[Opening Data provided section]

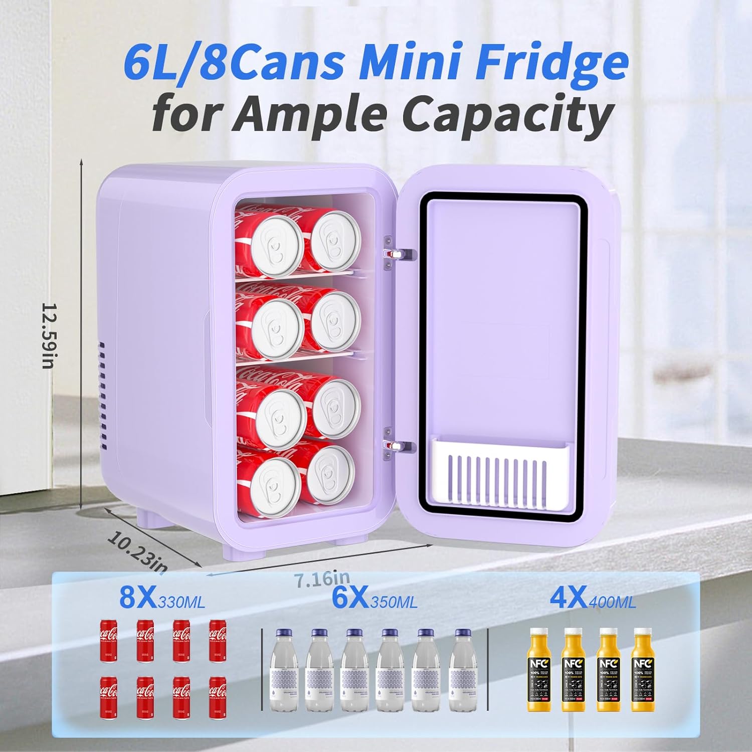 YASHE Mini Fridge, 6 Liter/8 Can 110V AC/DC Portable Thermoelectric Cooler Refrigerators for Bedroom, Skincare, Beverage, Office, Dorm Room and Car, Purple
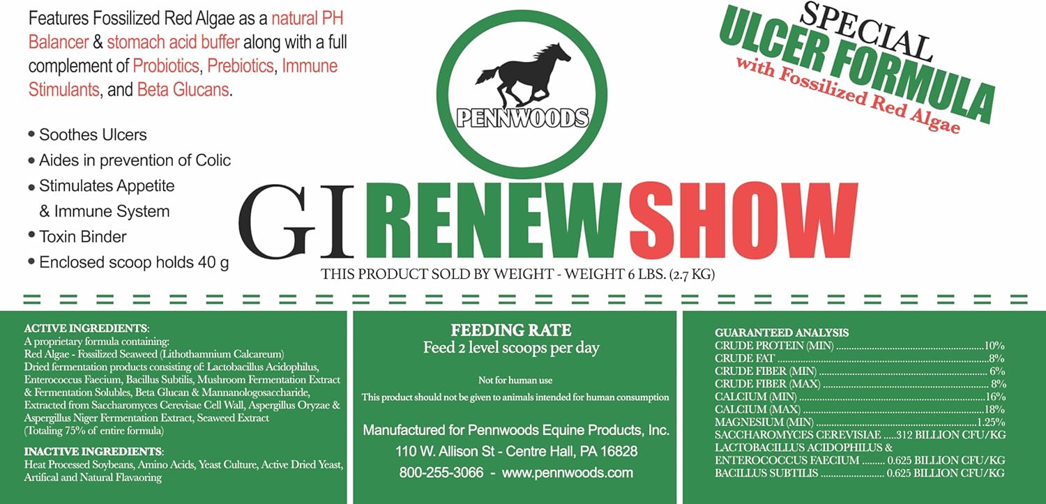 - GI Renew Show is a product specifically designed for horses with ulcers. We have combined the base of GI Renew with a powerful PH Balancer, Fossilized Red Algae. Fossilized Red Algae also contains plenty of helpful trace elements. This powerful combination will be your absolute go-to when you need results.
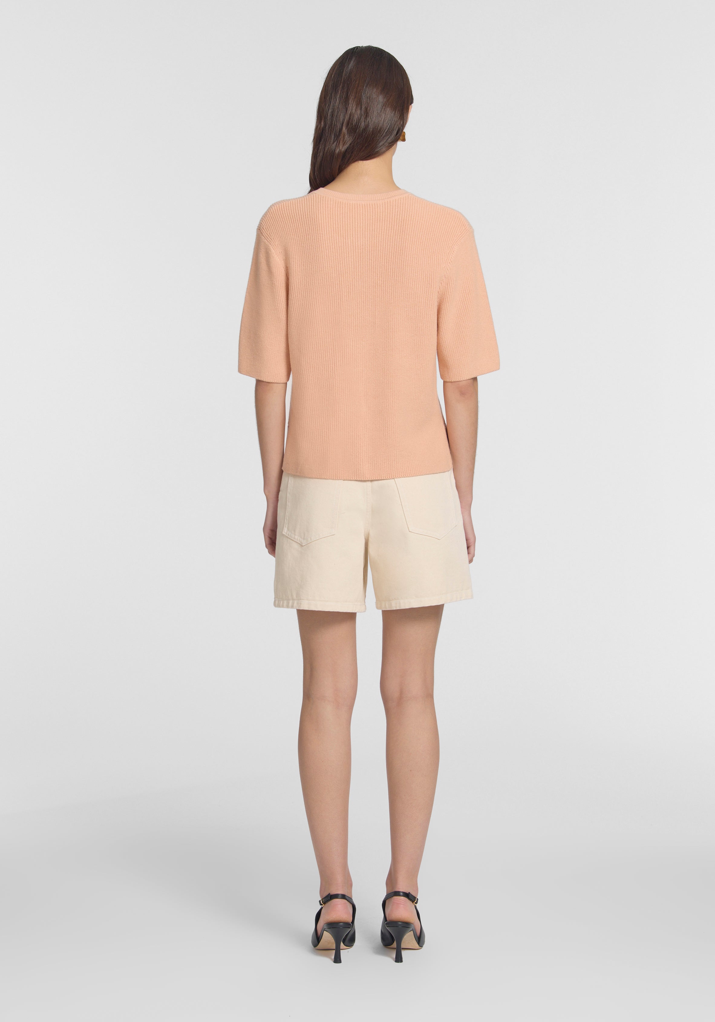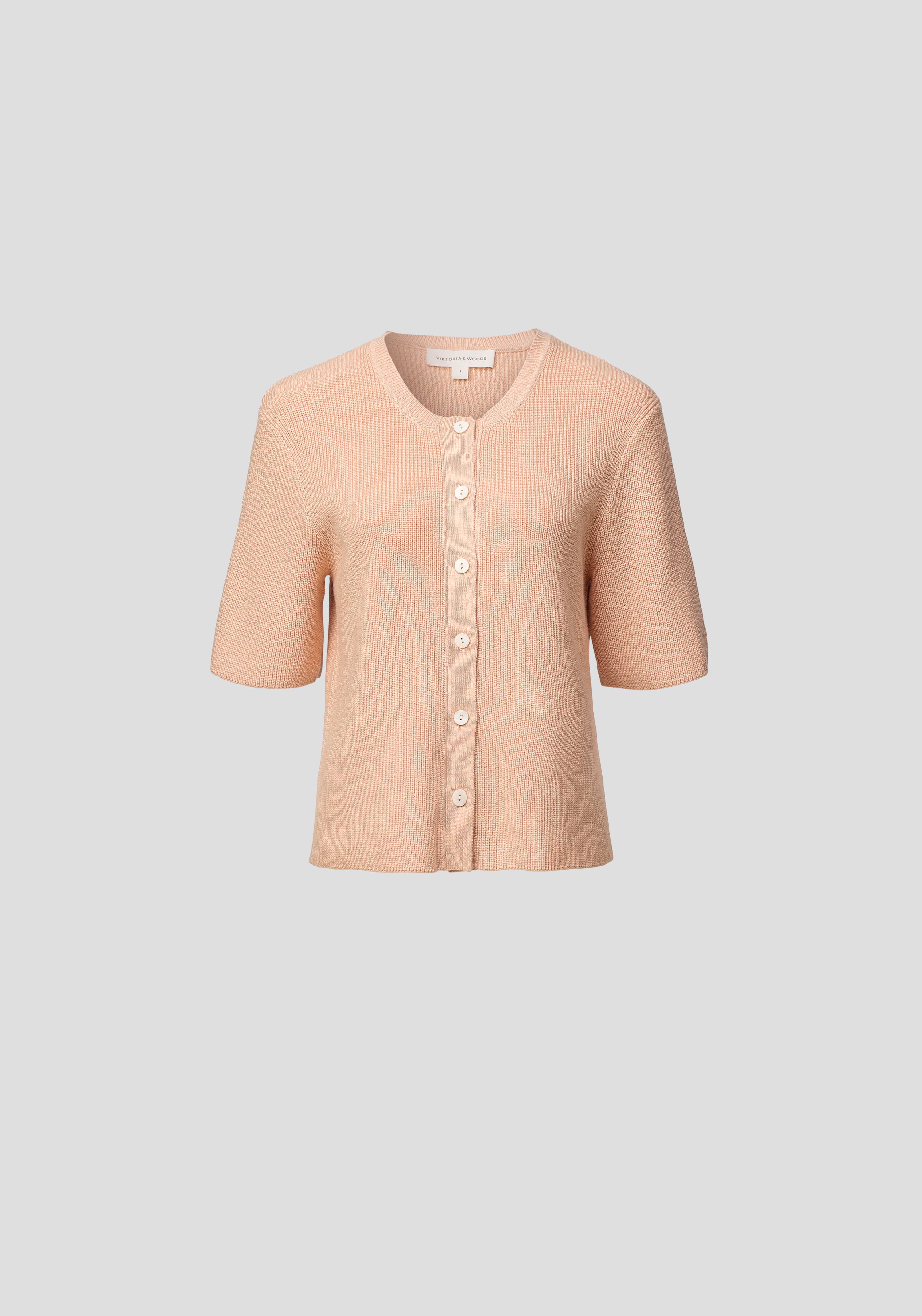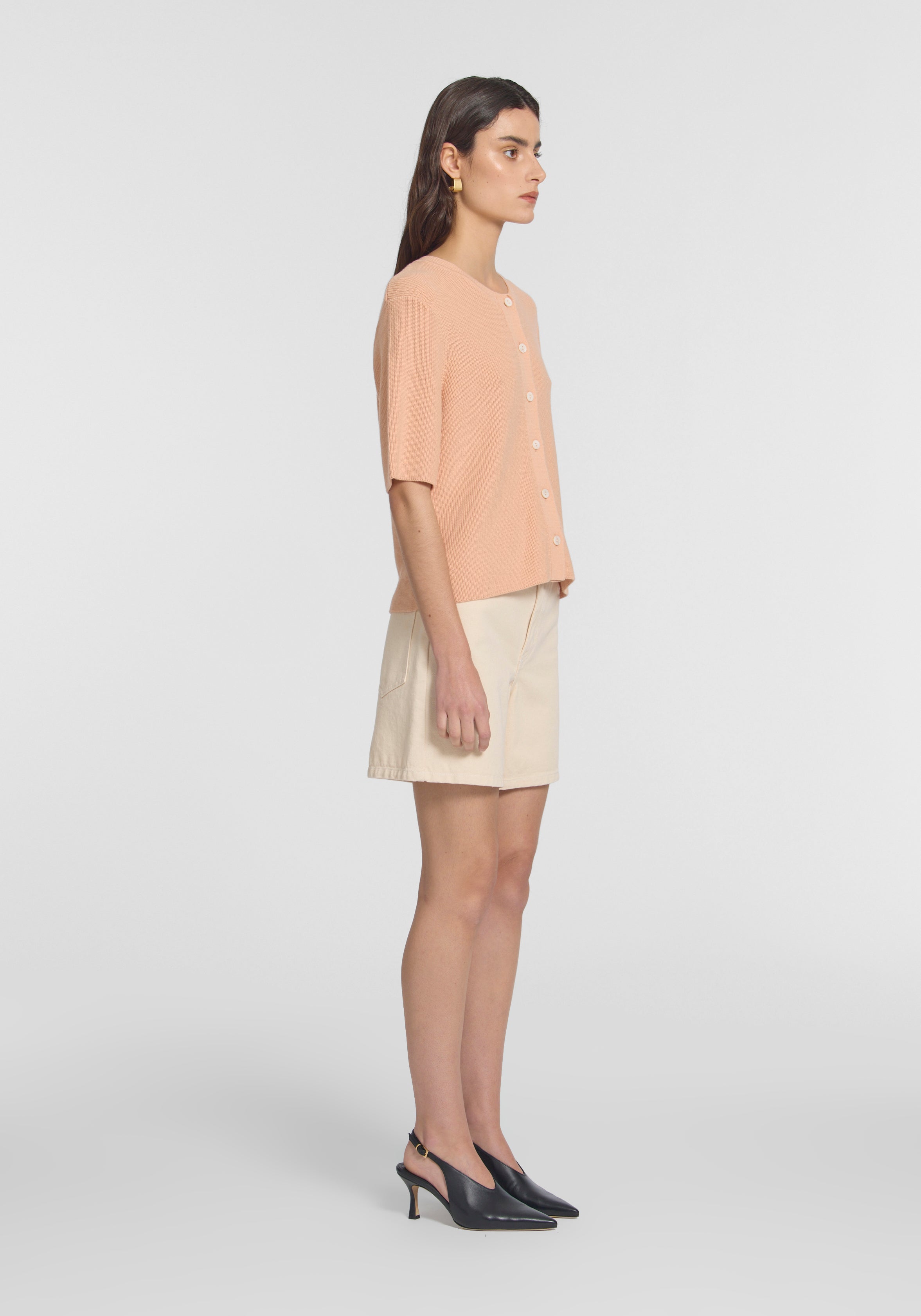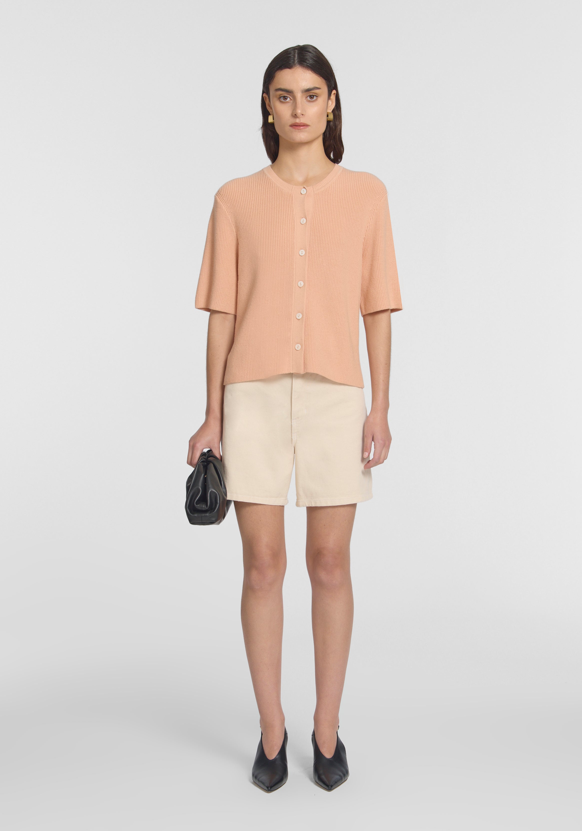 Radiate effortless elegance in the Violet Cardigan, crafted from a cotton-wool blend in a feminine apricot hue. Offering a gently relaxed fit, crew neckline, and side splits, it’s adorned with shell buttons for a versatile, enduring silhouette.

[Closing Data provided section]

#### Work order
Produce a verbatim transcription of every line in the listing, images omitted.

#### Task output
 YASHE Mini Fridge, 6 Liter/8 Can 110V AC/DC Portable Thermoelectric Cooler Refrigerators for Bedroom, Skincare, Beverage, Office, Dorm Room and Car, Purple
 - GI Renew Show is a product specifically designed for horses with ulcers. We have combined the base of GI Renew with a powerful PH Balancer, Fossilized Red Algae. Fossilized Red Algae also contains plenty of helpful trace elements. This powerful combination will be your absolute go-to when you need results.
 Radiate effortless elegance in the Violet Cardigan, crafted from a cotton-wool blend in a feminine apricot hue. Offering a gently relaxed fit, crew neckline, and side splits, it’s adorned with shell buttons for a versatile, enduring silhouette.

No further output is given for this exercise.